Google uses AI technology to translate content into your preferred language. AI translations can contain errors.

Google Tensor에서 LiteRT 구현

1. 개요

Google Tensor SDK는 Pixel 기기용 LiteRT 모델을 컴파일하는 데 사용됩니다. 컴파일된 모델은 ML 추론 성능 향상을 위해 Pixel 기기에 배포할 수 있습니다. SDK를 사용하려면 먼저 모델을 LiteRT (tflite) 모델로 변환해야 합니다.

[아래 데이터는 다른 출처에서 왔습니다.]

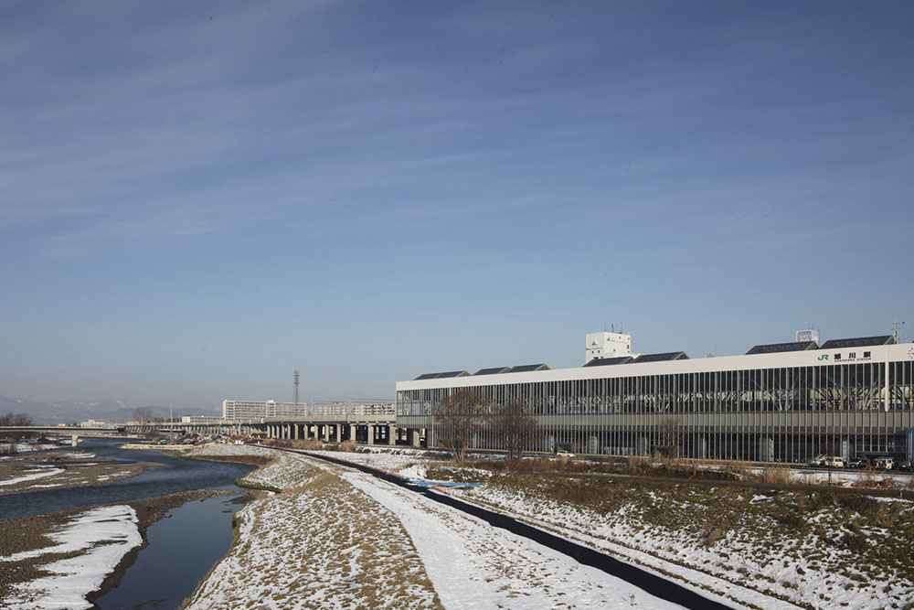 旭川市は北海道第二の都市であり、拠点都市としてその役割が期待されている。現在進められている「北彩都あさひかわ」の街づくりは、「川のまち旭川」に相応し、豊かな自然との調和を目指している。旭川駅舎のガラスによるファサ-ドは、インターフェイスとして「自然」と「まち」を繋ぎ、木材で覆われた内部空間は「温もり」と「やさしさ」が感じられる。

이 Codelab은 GitHub의 일반 Colab인 LiteRT AOT 컴파일 튜토리얼 Colab:을 기반으로 합니다.

목표

LiteRT AOT (Ahead-of-Time) 컴파일러를 사용하여 TFLite 모델에서 기기 내 EdgeTPU에 맞게 최적화되고 컴파일된 LiteRT 모델로 셀피 세분화 모델을 컴파일하는 방법을 알아봅니다.

이 Colab에서는 기기 내 AI용 Play (PODAI)로 모델을 준비하는 단계도 안내합니다.

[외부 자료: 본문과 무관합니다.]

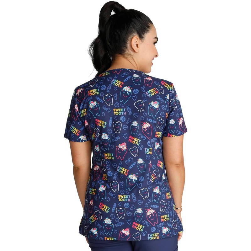 Cherokee Prints Women Scrubs Top V-Neck Print CK678, L, Sweet Tooth

PODAI는 기기 내 AI 기능에 맞춤 모델을 더 효율적으로 제공합니다. AI 모델의 출시, 타겟팅, 버전 관리, 다운로드 프로세스를 간소화합니다. LiteRT EdgeTPU AOT 컴파일과 결합하면 개발자는 최종 사용자의 휴대전화에 어떤 EdgeTPU가 포함되어 있는지 알 필요 없이 다양한 기기에 컴파일된 ML 모델을 제공할 수 있습니다.

사용된 모델

사용 중인 모델은 원래 MediaPipe 이미지 분할 가이드에 게시되었습니다. 이 Codelab에서 사용된 모델에 관한 세부정보는 다음과 같습니다.

SelfieMulticlass: 사람의 이미지를 가져와 머리카락, 피부, 의류와 같은 영역을 찾고 이러한 항목의 이미지 분할 맵을 출력하는 LiteRT 모델입니다.

2. 시작하기

Google Tensor SDK에 액세스하고 시작하려면 다음 단계를 따르세요.

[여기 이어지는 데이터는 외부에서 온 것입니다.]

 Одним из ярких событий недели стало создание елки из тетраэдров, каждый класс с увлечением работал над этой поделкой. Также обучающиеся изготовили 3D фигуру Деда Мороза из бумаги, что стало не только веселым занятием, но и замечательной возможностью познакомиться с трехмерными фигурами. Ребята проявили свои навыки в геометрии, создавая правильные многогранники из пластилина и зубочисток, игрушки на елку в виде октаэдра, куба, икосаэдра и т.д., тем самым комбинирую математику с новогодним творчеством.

Google Tensor SDK에 액세스하려면 가입하세요. 계속 진행하기 전에 컴파일러 플러그인의 다운로드 링크가 포함된 Google의 이메일을 기다려야 합니다.
컴파일러 플러그인 (litert_plugin_compiler.tar.gz)을 다운로드하고 원하는 폴더에 배치합니다.
환경 변수를 다운로드한 파일의 로컬 시스템 경로인 GOOGLE_TENSOR_SDK_BETA로 설정합니다.
bash 터미널에서 이 명령어를 실행할 수 있습니다.
```
export GOOGLE_TENSOR_SDK_BETA=/path/to/downloaded/compiler
```
또는 Colab 노트북에서 실행할 수 있습니다.
```
%env GOOGLE_TENSOR_SDK_BETA=/path/to/downloaded/compiler
```
그런 다음 이 명령어를 실행하여 패키지를 설치합니다.
```
pip install ai-edge-litert-sdk-google-tensor
```

3. 필수 패키지 설치

먼저 EdgeTPU AOT 컴파일러가 포함된 ai-edge-litert-nightly와 모델 변환에 사용하는 기타 라이브러리를 비롯한 필수 패키지를 설치합니다.

이 패키지를 사용하여 Google Tensor용 LiteRT 백엔드(ai-edge-litert-sdk-google-tensor)를 설치합니다.

패키지를 설치한 후 세션을 다시 시작하고 설치 단계부터 진행합니다. 설치를 반복하지 마세요.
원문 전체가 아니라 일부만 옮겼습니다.